Self-supervised learning of a visual texture representation for cortical area V2N Parthasarathy and E P SimoncelliPublished in From Neuroscience to Artificially Intelligent Systems (NAISys), Nov 2020. |
In this work, we develop a parametric functional model for V2. The model uses a first stage of oriented linear filters (corresponding to cortical area V1), consisting of both rectified units (simple cells) and pooled phase-invariant units (complex cells).These responses are provided as input to a V2 stage that consists of a set of learned convolutional filters followed by half-wave rectification and pooling to generate V2 'complex cell' responses.

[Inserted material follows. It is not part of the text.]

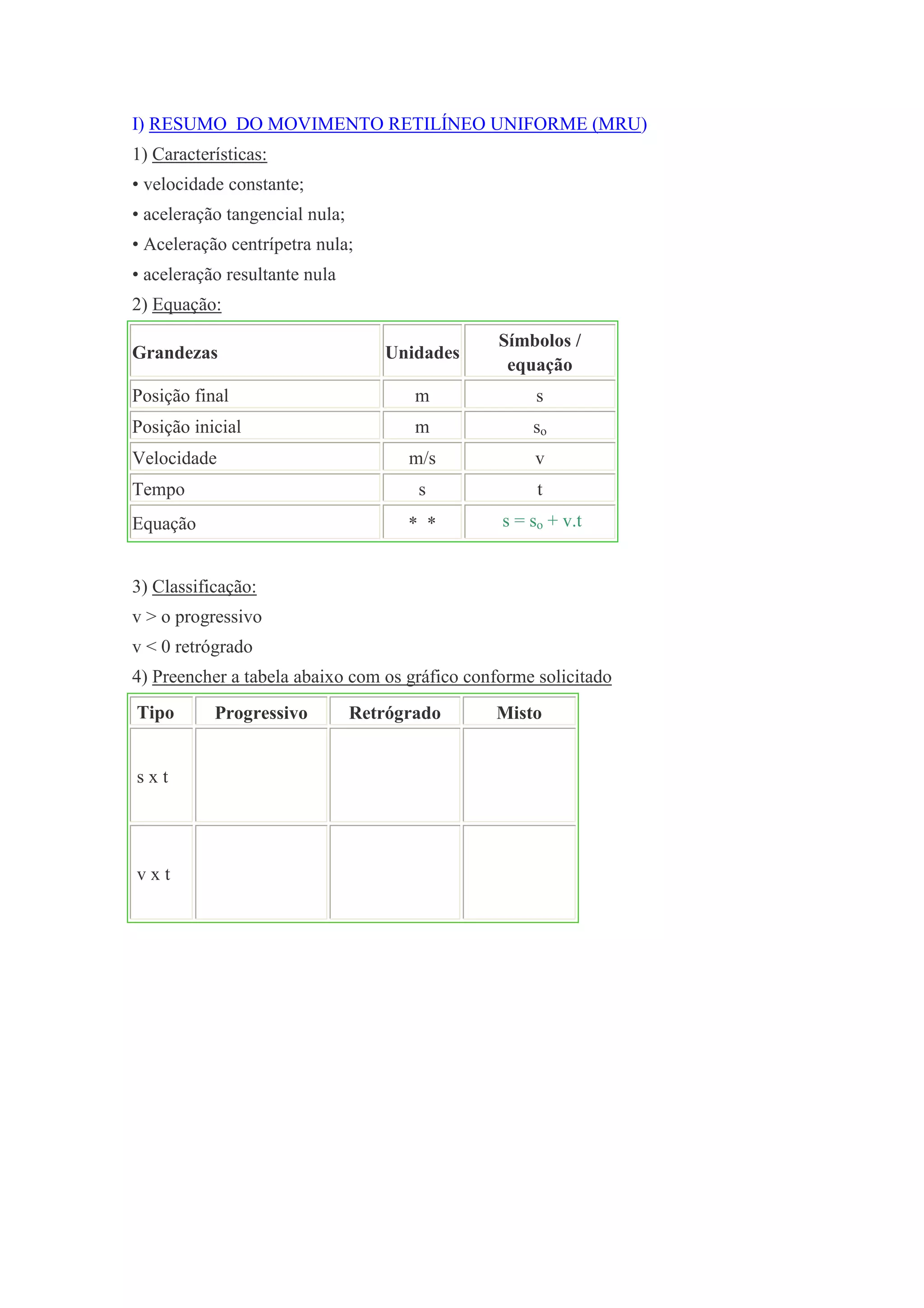 O documento apresenta o conceito de movimento retilíneo uniforme (MRU), caracterizado por velocidade constante e aceleração resultante nula. Apresenta também a equação que relaciona posição, tempo e velocidade para MRU. Por fim, traz exercícios sobre cálculos envolvendo posição, tempo, velocidade e distância percorrida para diferentes situações de MRU.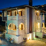 La Fairytale Villa Apolpaina, situada a 25 minutos a pie de la Playa de Alikes, cuenta con una terraza con vistas a las montañas.

We optimize the filters in the V2 stage over a dataset of homogeneous texture images, using a novel learning objective that aims to separate texture image families in the V2 response space. Rather than use texture class labels as a supervision signal, we develop a more biologically plausible self-supervised objective function that is inspired by contrastive learning methods developed in machine learning. The objective aims to maximize the distance between the distribution of V2 responses to each individual image and the distribution of responses across all images We use this method to learn a single layer of V2 filters, but the layer-wise nature of the objective provides the potential to learn filters in multiple stages of a hierarchical model without requiring backpropagation of gradients across multiple layers.
Our trained model successfully captures texture family invariances in a low-dimensional representation, surpassing texture classification performance of deep supervised networks when trained in small data regimes. Moreover, we show that relative to deep nets, the learned model has a stronger representational similarity to both texture responses of neural populations (recorded in primate V2) and human texture perception.